Rhombur había cambiado mucho durante sus dieciocho años de exilio. Parecía mucho más maduro, mucho más majestuoso, con una mirada endurecida y una gran determinación en su voz grave.

—Soy el príncipe Rhombur Vernius —tronó la proyección, y todo el mundo alzó la vista, atemorizado. Su boca era tan grande como una fragata de la Cofradía, sus labios se abrían y cerraban para emitir palabras que parecían órdenes celestiales—. Soy el legítimo gobernante de Ix, y volveré para liberaros de vuestros sufrimientos.

Los ixianos lanzaron vítores y exclamaciones entrecortadas. Desde su posición elevada, C’tair y Miral vieron que los Sardaukar se movían de un lado a otro presas de la confusión, y el comandante Garon gritó a sus tropas que impusieran orden. Los Amos tleilaxu salieron a las galerías y gesticularon. Los guardias entraron en los edificios administrativos.

C’tair y Miral disfrutaban del momento, y se permitieron el lujo de intercambiar una sonrisa de alegría.

—Lo hemos conseguido —dijeron, palabras que sólo oyeron ellos en la confusión reinante.

Habían dedicado semanas a estudiar los sistemas con el fin de sabotear los controles de los proyectores. A nadie se le había pasado por la cabeza tomar precauciones para evitar tal maniobra, tal manipulación del entorno cotidiano.
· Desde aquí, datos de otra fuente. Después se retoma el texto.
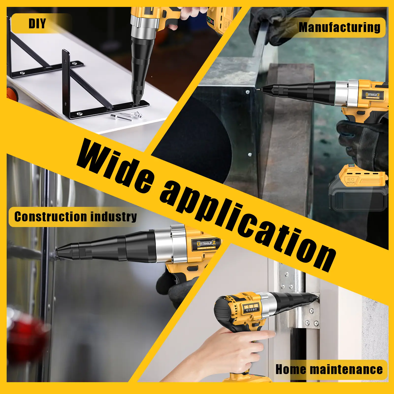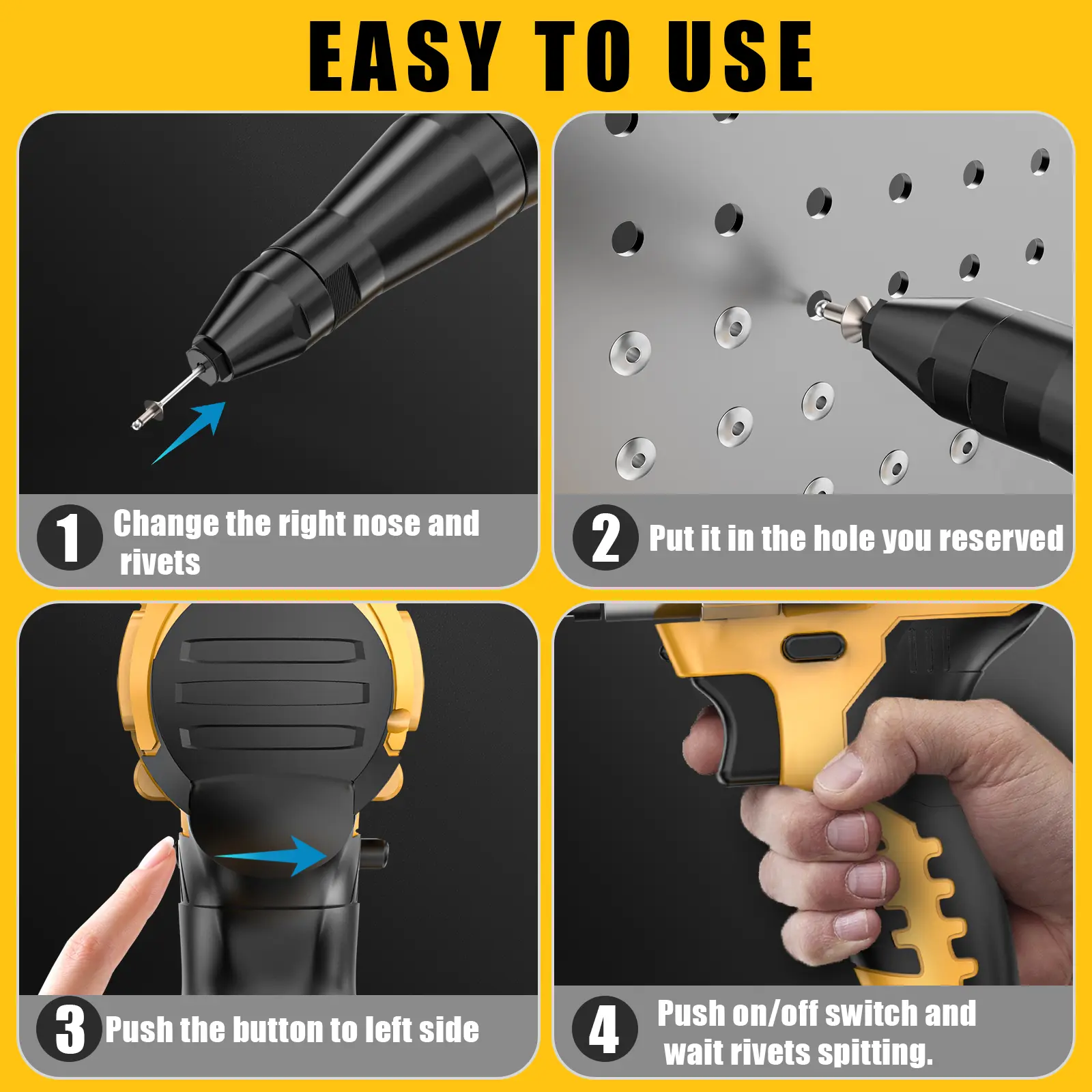 ·Versatile Riveting: Whether you're working with 1/8" or 3/16" rivets, this rivet gun tool handles a wide range of sizes, making it the ideal companion for various projects. From auto repairs to home DIY tasks, this electric rivet gun is versatile enough to tackle them all with precision and ease -ideal for threade drivet nuts and blind rivets in tight space

En el único embarque que había llegado a sus manos, Rhombur Vernius les había enviado el mensaje grabado, con la esperanza de que pudieran difundirlo entre los ixianos leales. El príncipe había sugerido diseminar carteles hablados o mensajes codificados en los sistemas de comunicación habituales de la ciudad subterránea.

Pero la pareja de guerrilleros se había decantado por hacer algo mucho más memorable. Había sido idea de Miral, y C’tair había perfeccionado muchos detalles.

La cara de Rhombur era ancha y cuadrada, sus ojos brillaban con una pasión que cualquier líder exiliado envidiaría. Su peló rubio y alborotado le confería un aspecto noble, aunque informal. El príncipe había aprendido mucho sobre política durante los años vividos en la Casa Atreides.